Hi,
I have an annotation file for a non-model specie of Aspergillus that was generated from the best BLAST (on UNIPROT) hit for each entry. Therefore, the list of UNIPROT IDs is not restricted to one organism but several (e.g ATG12_ASPCL, UBC2_MEDSA, UBE2Z_HUMAN). I want to do pathway and gene set enrichment analysis, and for that I need to have all the transcripts identified with Entrez ID from one model organism. For now I tried stripping the specie code from the Uniprot ID, leaving the Gene Name alone (i.e ATG12, UBC2, UBE2Z). I then used the bitr function from clusterProfiler to convert IDs using org.Sc.sgd.db for S. cerevisiae or org.Hs.eg.bd for human, but 72% and 86% (respectively) of the annotated genes were not mapped.

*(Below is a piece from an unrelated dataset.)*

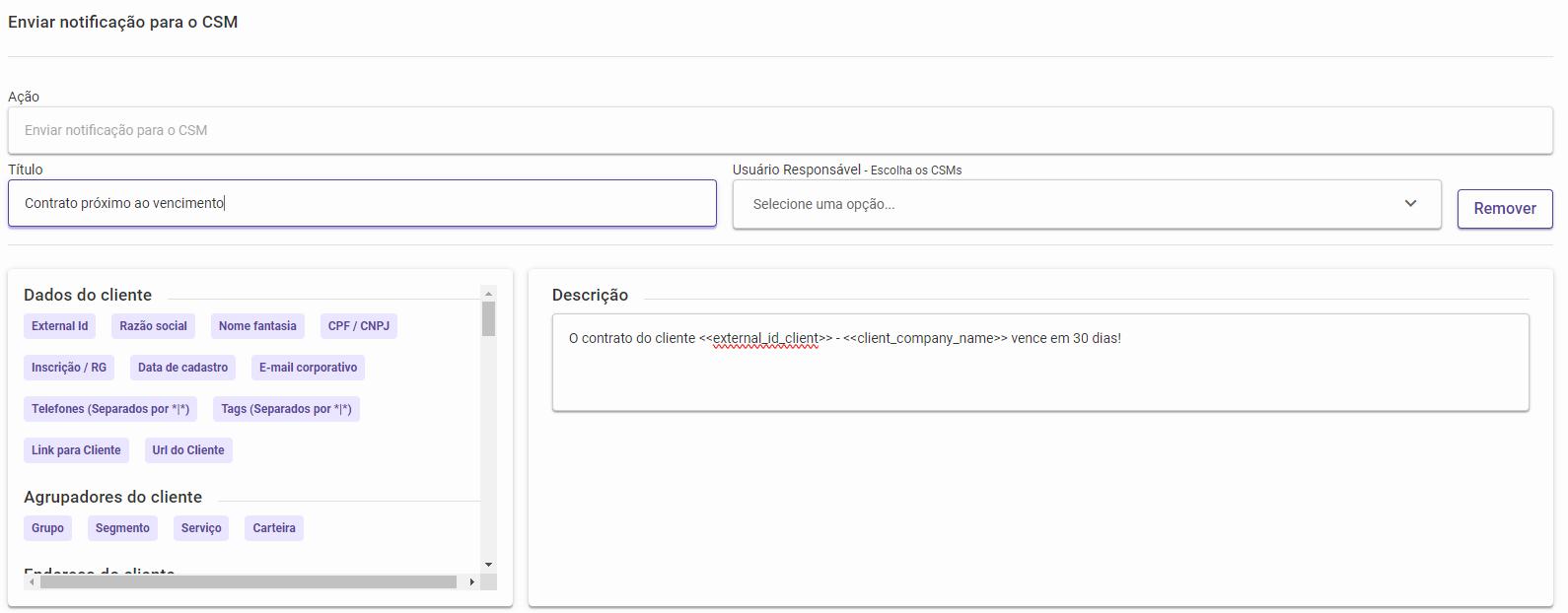 Com a configuração do playbook concluída, seu sistema irá notificar automaticamente o CSM sempre que um contrato estiver a 30 dias do vencimento.

Could anyone suggest me a tool or a strategy to solve this issue? I hope I have explained my question properly. Thanks!
EDIT - Using Retrieve/ID mapping - UniProt you can convert to Entrez IDs, but the problem of having many (non-model) species for pathway analysis remains.
By using uniprot ID converter. Some ID's may still be unmappable.
Hi, I was just adding that quote, because I already tried it. Thanks!